=== EXERCISE DIRECTIONS ===
Where the line with "El Duralba Frentes y Muros es un" appears below, start writing out lines exactly, and finish with the line with "Well made Estate", which is included; write out nothing else.

=== GIVEN DATA ===

Start of Block

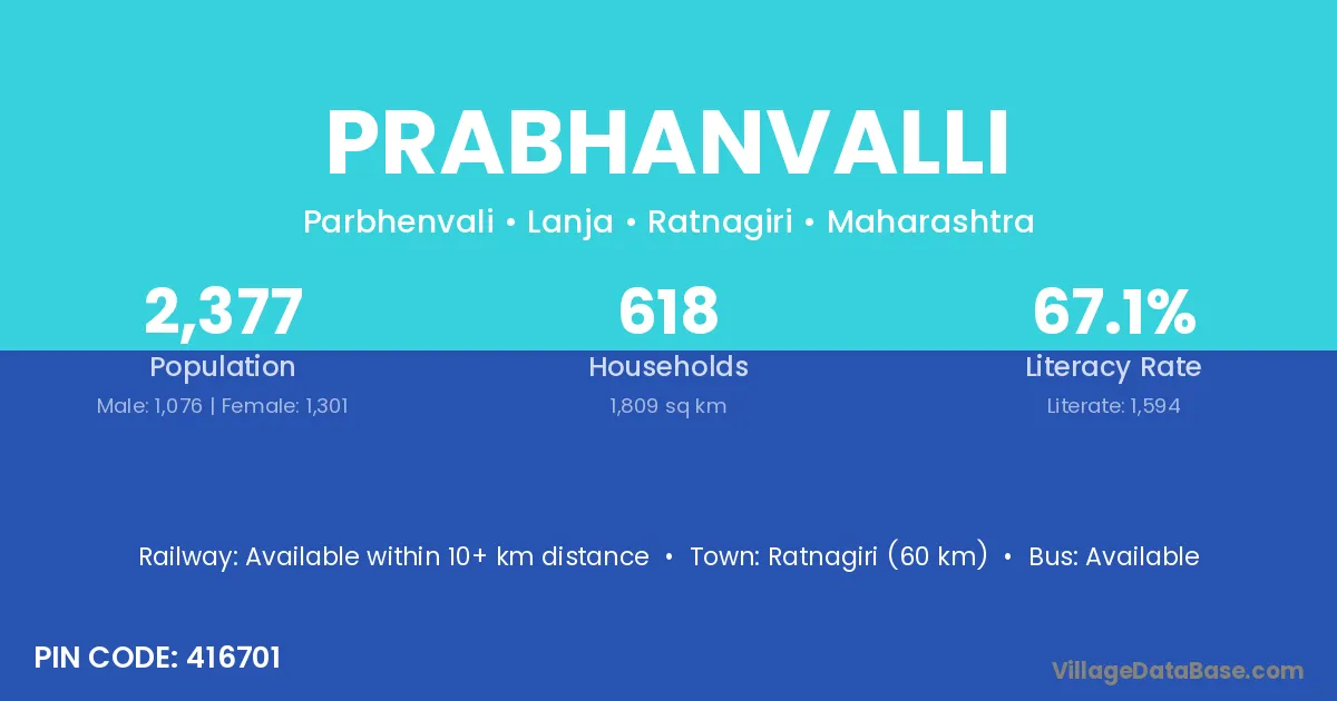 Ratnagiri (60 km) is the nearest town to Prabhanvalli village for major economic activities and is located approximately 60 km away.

End of Block
Start of Block

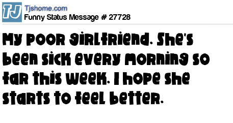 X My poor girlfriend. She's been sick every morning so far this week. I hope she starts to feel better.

End of Block
Start of Block

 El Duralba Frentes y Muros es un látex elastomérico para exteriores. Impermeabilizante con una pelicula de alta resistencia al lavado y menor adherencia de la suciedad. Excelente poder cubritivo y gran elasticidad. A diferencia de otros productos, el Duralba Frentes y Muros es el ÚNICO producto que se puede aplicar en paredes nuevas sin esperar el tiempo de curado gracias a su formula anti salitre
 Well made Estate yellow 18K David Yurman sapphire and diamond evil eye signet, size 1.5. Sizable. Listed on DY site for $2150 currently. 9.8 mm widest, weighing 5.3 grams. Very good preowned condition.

End of Block

=== TASK OUTPUT ===
 El Duralba Frentes y Muros es un látex elastomérico para exteriores. Impermeabilizante con una pelicula de alta resistencia al lavado y menor adherencia de la suciedad. Excelente poder cubritivo y gran elasticidad. A diferencia de otros productos, el Duralba Frentes y Muros es el ÚNICO producto que se puede aplicar en paredes nuevas sin esperar el tiempo de curado gracias a su formula anti salitre
 Well made Estate yellow 18K David Yurman sapphire and diamond evil eye signet, size 1.5. Sizable. Listed on DY site for $2150 currently. 9.8 mm widest, weighing 5.3 grams. Very good preowned condition.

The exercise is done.